Figure 2. Distribution curves of non-uniform sediments
Table 1. The specification of bed material
|
Parameters |
Value |
|
d50 |
0.873 mm |
|
ρ |
1637 kg/m3 |
|
σg |
2.81 > 1.3 |
The starting velocity of coarse particles in non-uniform materials is less than that of uniform materials with identical particle sizes, and the starting velocity of finer particles in non-uniform materials is higher than that of uniform materials with identical particle sizes, as seen in the study of Xu et al. [23]. Because coarse grains are more likely to be exposed to flow while transporting non-uniform soil, they are easier to entrain than uniform sediment particles of the same particle size.

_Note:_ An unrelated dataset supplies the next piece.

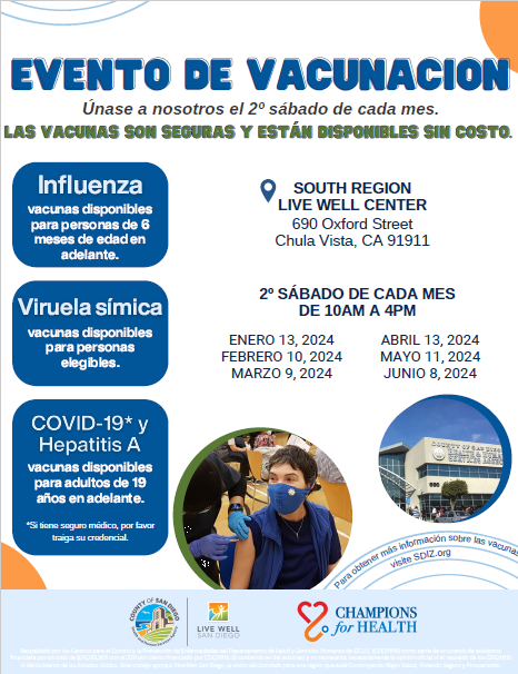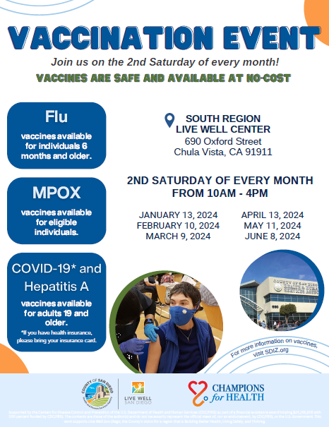 WHERE: South Region Live Well Center, 690 Oxford St., Chula Vista, CA 91911

3.2 Experimental setup and measurement
The tests were conducted at a private hydraulic laboratory in Babylon. The flume was made of a steel frame constructed with glass walls. It is horizontally non-tilting, 8.5 m long, 0.98 m wide, and 0.6 m deep. The work section was 2.1 m long and 0.204 m deep. Located 2.5 m upstream from the flume inlet section, the section has been filled with cohesion-less soil d50=0.873 mm Additionally, water is pumped from the main reservoir tank into an overhead tank located upstream of the flume. A wooden gate suppressor was used in the upstream approach section, and baffles (two screens) were positioned every 50 cm from the flume entrance to smooth the flow (steady continuous flow) into the bed section. A rectangular gate 0.98×0.6 m was supplied at the flume outlet section to make the water depth at the head and end of the flume equal and hence to control the flow velocity. The water utilized from the flume was then discharged into the outlet tank. The pump extracts water from the reservoir at the downstream terminus of the flume and conveys it to the upstream terminus via a 4-inch-diameter pipeline that runs parallel to the flume. Four reservoir tanks exist, one located in the outflow flume with dimensions 1×0.98×0.55 m, separated by a rectangular gate, and three parallel to the flume with a size 1.25×1.25×0.5 m. A centrifugal pump positioned at the end of the downstream of the flume delivered the flow rate via a 3-inch-diameter pipe. An ultrasonic flow meter was employed to quantify the water discharge, and all depths were gauged using a movable point gauge affixed to a brass rail at the upper section of the flume side with an accuracy of - 0.1 mm, as shown in Figure 3.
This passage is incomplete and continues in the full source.